1. "The Magnet" (6:07) is a vibrant, intricately arranged song with stellar performances from all band members-- especially the way the guitars and keyboards mimic and weave in and out of each other's shadows. I love the pace of this one. A pretty-near flawless song and my favorite on the album. (10/10)

2. "Remember Where You Were" (7:43). Though new keyboard player Reinhardt McGeddon shone on the opening song, this is the one which really puts on full display his tremendous talents--layers and layers worth. The pacing of this song is a bit slow and syncopated for my tastes--or perhaps I find it difficult to match the rhythm section's play with the vocal and keyboard play. (Are they playing on the same song?) It almost has a Lamb Lies Down on Broadway "In the Cage" feel to it. (8/10)

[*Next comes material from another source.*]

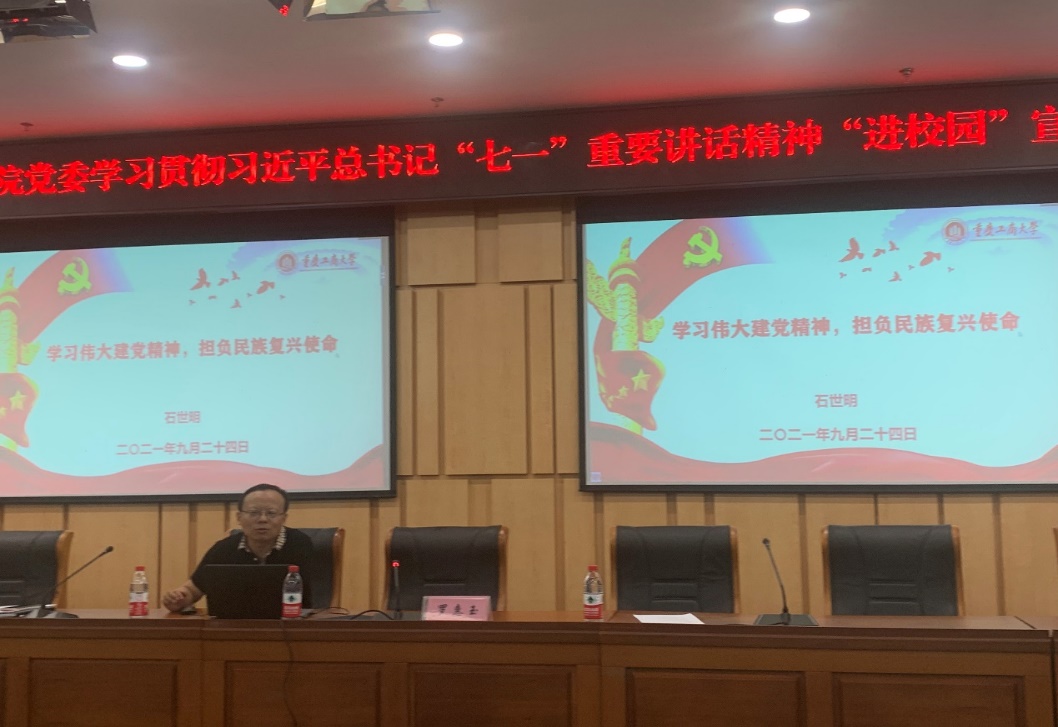 随后,bb贝博艾弗森官方网站专职组织员石世明同志作了题为“学习伟大建党精神,担负民族复兴使命“的主题报告。一百年前,中国共产党的先驱们创建了中国共产党,形成了坚持真理、坚守理想,践行初心、担当使命,不怕牺牲、英勇斗争,对党忠诚、不负人民的伟大建党精神,这是中国共产党的精神之源。石世明同志从伟大建党精神形成的基础和条件、伟大建党精神的深刻内涵、中国共产党人精神谱系等角度对伟大建党精神进行深入讲解。随后,站在高等教育工作者的角度,他指出:“立德树人,培养民族复兴大任的时代新人”是高校教师的使命,我们要坚持铸魂育人,全面落实立德树人的根本任务,落实”三全育人,做好课程思政和思政课程“同向发力”。此外,石世明同志还领学了《第27次全国高公司党建会议精神》和《重庆市高公司党的建设工作会议》两个重要文件。
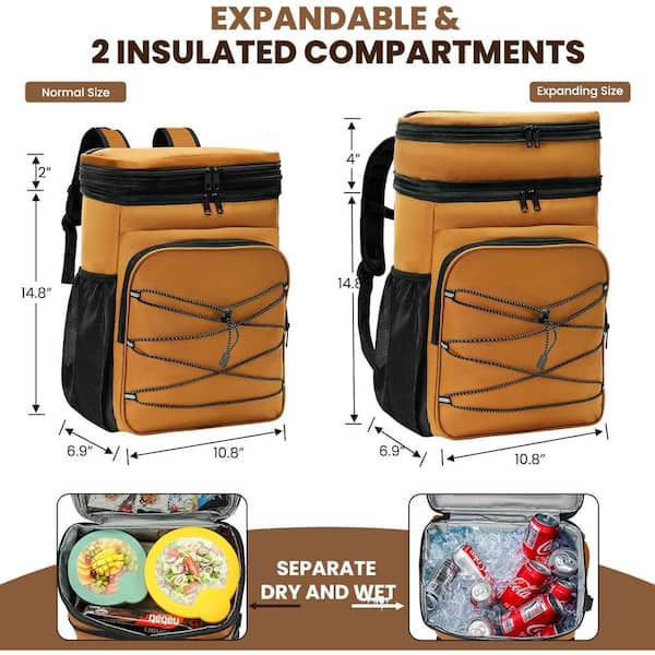 24 qt. 48-Can Expandable Backpack Cooler Insulated Leak Proof Double Deck Waterproof Lightweight Bag for Picnic/Camping

3. "Dr. Abraham" (8:11) opens with a full low end, drumming on full display, with organ and guitars diddling in the background. When the vocals enter things cohere and then the music shape-shifts beneath. Over the course of the first two minutes I am befuddled by the sudden and, to my ears, incongruous time and dynamic shifts. The story about some kind of Doctor Abraham is told with quite some emotion--and, in the fourth minute, with two separate vocal lines going on simultaneously. Meanwhile, the heavy rhythm section and noodling organ and synths continue to play as if they are oblivious to one another. One of those songs whose choices for musical and vocal expression mystify me. The slow build from 5:00 to 6:00 is cool. The drummer is very good, but maybe a little too busy--which is a distraction for me. The "lamination" finale is just weird. (7/10)

4. "The Fox in the Hole" (4:45) opens with violin and acoustic guitars weaving a kind of medieval tapestry. Vocals soon join in--later to be joined by bass and drums and other multiple other voices. Electric guitar and organ 7 synths fill in the weave as the scattered, layered multiple vocals play around the sound field. Interesting. Adventurous. A top three song for me. (9/10)

6. "Wasp in a Wig" (6:16) opens in standard rock form with a pleasant lower register singing voice singing a fairly normal, straightforward vocal. At 1:10 the music drops and bass chord play are all we are left with. Gradually, a jazzy kind of collaboration builds before the vocals resume for a bit. A very nice drum and keyboard/synth solo ensue into the fourth minute. The vocals rejoin and sing with feeling as they are harmonized by the borther's background voice. (I've never been able to pinpoint which of the McGowan brothers is which.) Another synth solo fills a chunk of the fifth minute before a GG three-way vocal weave takes over. The final minute recapitulates the 1:10 quiet section with gentle key chords, drums and vocalise. Another top three song. (9/10)

7. "The White Book" (9:57) is the longest album on the album. As the band are fond of doing, The Tea Club use this temporal expanse to patiently explore several tangents--one full of subtlety and delicacy, the other with bombast and layers woven into one. My fourth top three song. (9/10)

4.5 stars; a near-masterpiece of progressive rock music.